━━━━━ AVAILABLE DATA ━━━━━
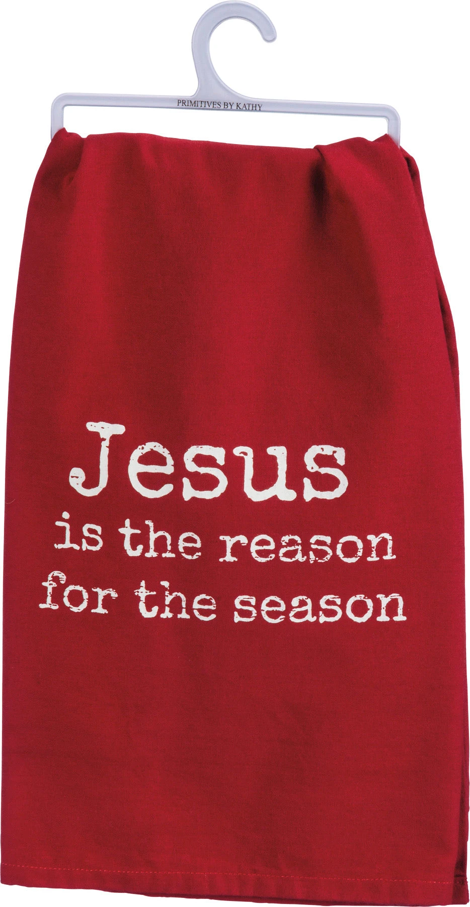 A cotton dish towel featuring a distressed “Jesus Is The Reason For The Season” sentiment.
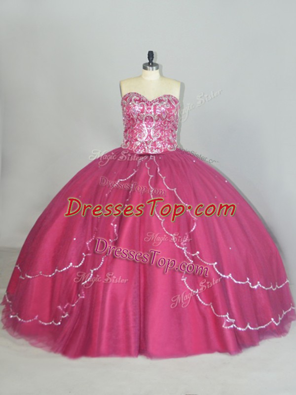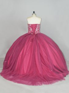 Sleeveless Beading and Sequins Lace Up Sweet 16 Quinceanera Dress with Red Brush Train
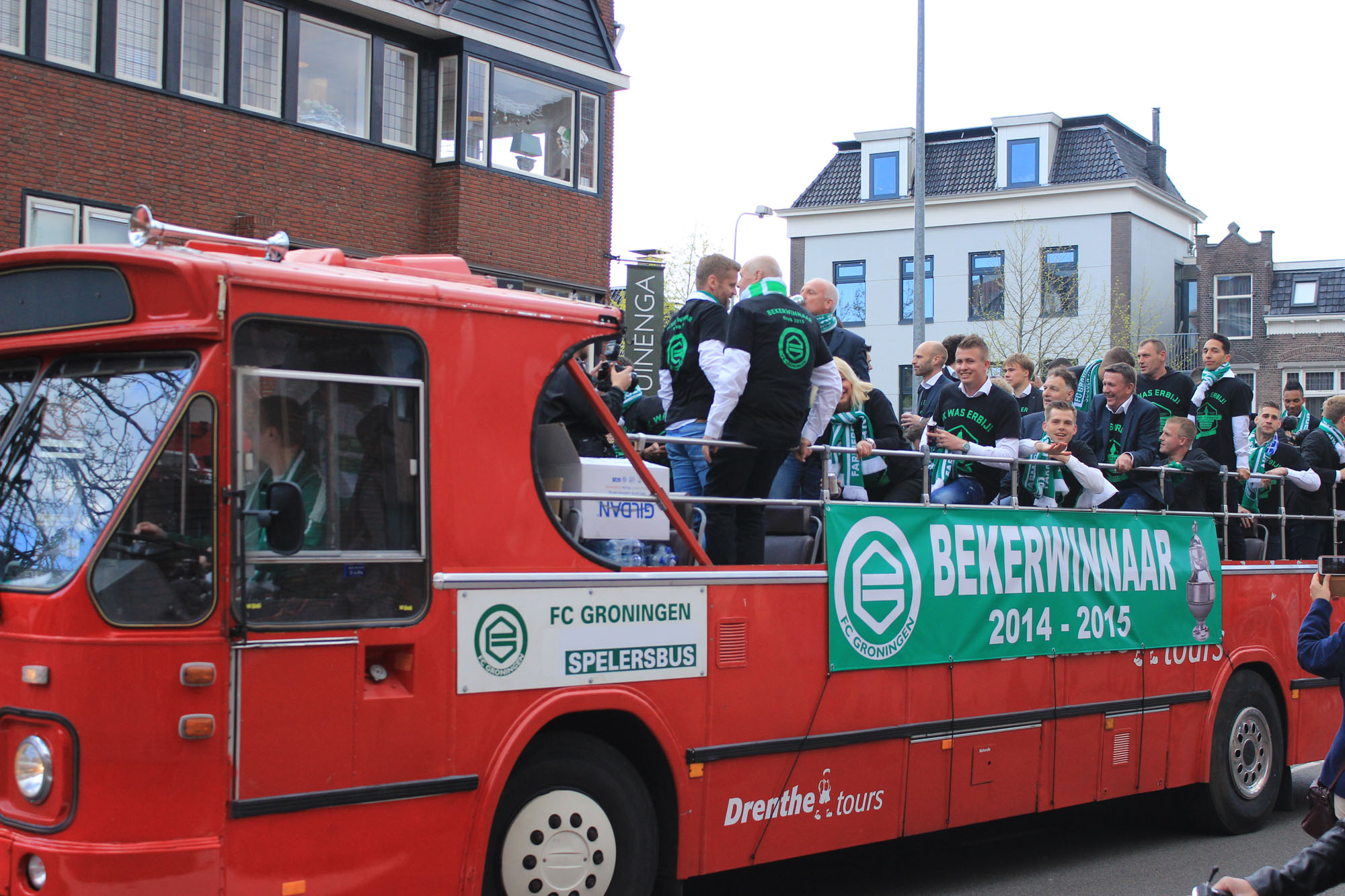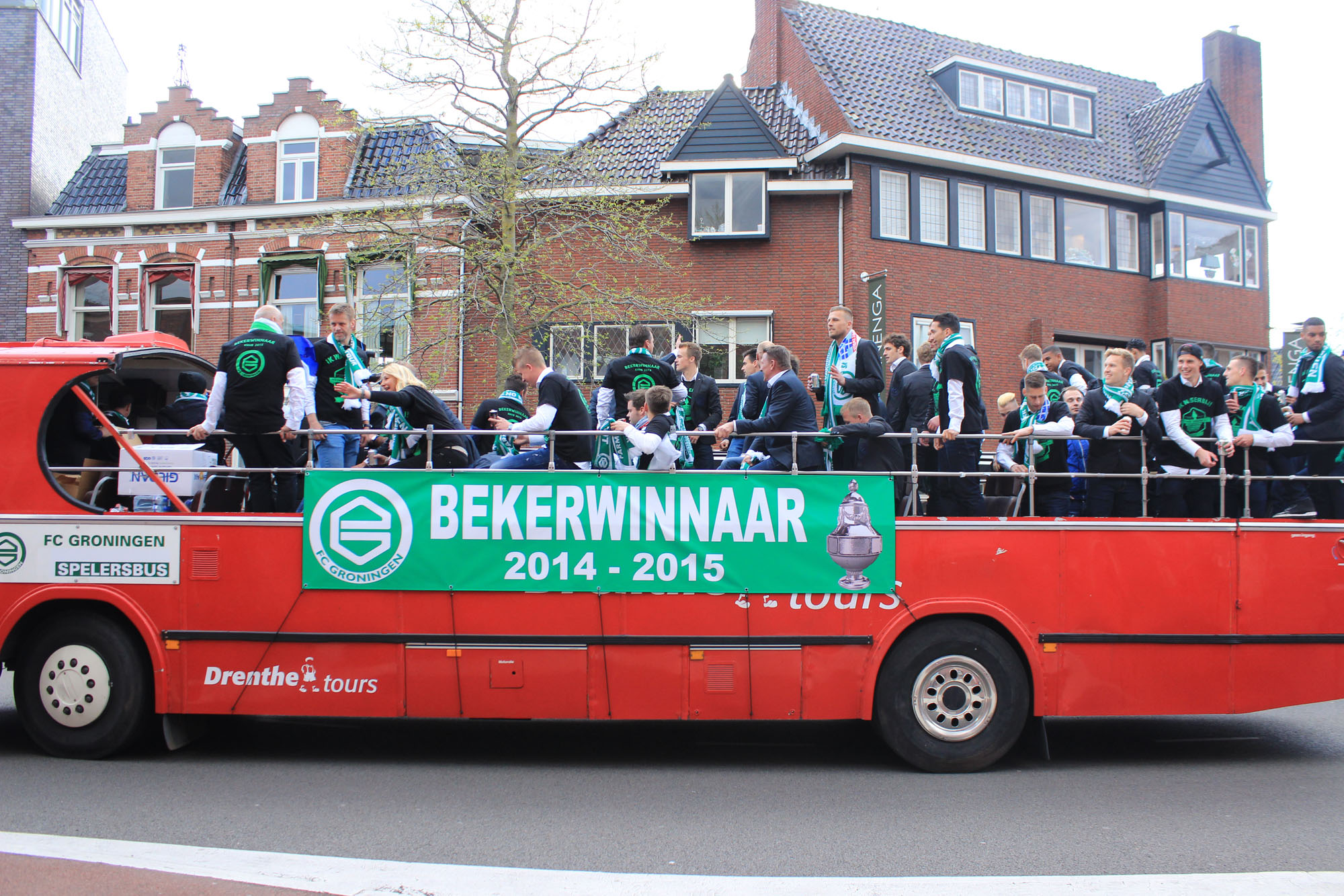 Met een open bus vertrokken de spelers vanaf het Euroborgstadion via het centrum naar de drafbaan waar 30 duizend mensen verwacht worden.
━━━━━
• [TASK DETAILS]
Write the listing above out again exactly, but not the images it holds.

• [OUTPUT FOR THIS TASK]
 A cotton dish towel featuring a distressed “Jesus Is The Reason For The Season” sentiment.
 Sleeveless Beading and Sequins Lace Up Sweet 16 Quinceanera Dress with Red Brush Train
 Met een open bus vertrokken de spelers vanaf het Euroborgstadion via het centrum naar de drafbaan waar 30 duizend mensen verwacht worden.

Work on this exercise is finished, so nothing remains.